Weekend links 221

cornell.jpg

Untitled (Penny Arcade Portrait of Lauren Bacall) (1946) by Joseph Cornell.

• Having been a Bernard Szajner enthusiast for many years it’s good to see his music receiving some belated reappraisal. David McKenna talked to Szajner about his Visions Of Dune album (which is being reissued by InFiné next month), laser harps, The (Hypothetical) Prophets, and working with Howard Devoto.

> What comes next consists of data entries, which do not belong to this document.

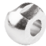
Dana Gözü ГЛАЗ БУКВАЛЬНО С ШИРОКИМ ОТВЕРСТИЕМ BULL'S EYE WIDE HOLE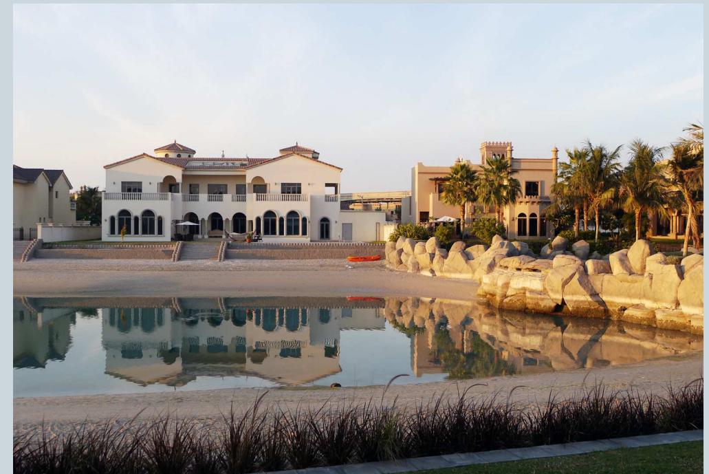
Palm Islands, Dubaï

Urbanisme sécuritaire et désir d'entre-soi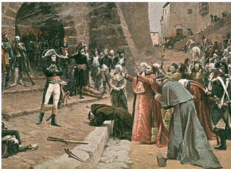
Расправа над непокорной Павией

в руках прежних государей, но с фактическим подчинением их Франции. Бонапарт организовал эту Цизальпинскую республику так, что при видимости существования совещательного собрания представителей из состоятельных слоев населения вся фактическая сила должна была находиться в руках французской оккупационной военной власти и присланного из Парижа комиссара. Ко всей традиционной фразеологии

• Priscilla Frank posts some big views of Marjorie Cameron’s occult paintings as a preview of the forthcoming exhibition at MOCA Pacific Design Center, Los Angeles.

• Fascinating reading in light of the recent kerfuffle over True Detective, Christopher Loring Knowles on the possible sources of HP Lovecraft’s Cthulhu Mythos.

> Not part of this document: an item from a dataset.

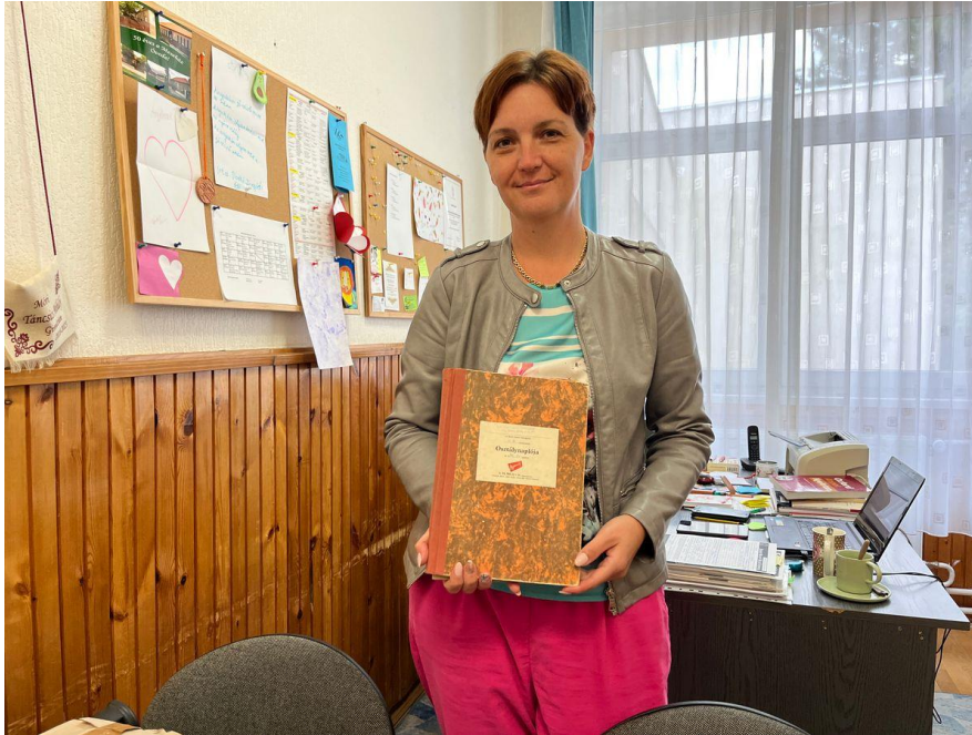
Az igazgatóelőlvette az osztálynaplót

Krausz már diákkorában kiemelt érdeklődést mutatott a reáltárgyak iránt. A fizikaszertárban jelenleg is azok az eszközök állnak a tanulók rendelkezésére, melyeken annak idején a tudós is részt vehetett a kísérletekben. A szertárban egyébként éppen óra zajlott.

Those who set up oppositions between the electronic technology and that of the printing press perpetuate Frollo’s fallacy. They want us to believe that the book—an instrument as perfect as the wheel or the knife, capable of holding memory and experience, an instrument that is truly interactive, allowing us to begin and end a text wherever we choose, to annotate in the margins, to give its reading a rhythm at will—should be discarded in favor of a newer tool. Such intransigent choices result in technocratic extremism. In an intelligent world, electronic devices and printed books share the space of our work desks and offer each of us different qualities and reading possibilities. Context, whether intellectual or material, matters, as most readers know.

Alberto Manguel, lucid as always, on the act and import of reading.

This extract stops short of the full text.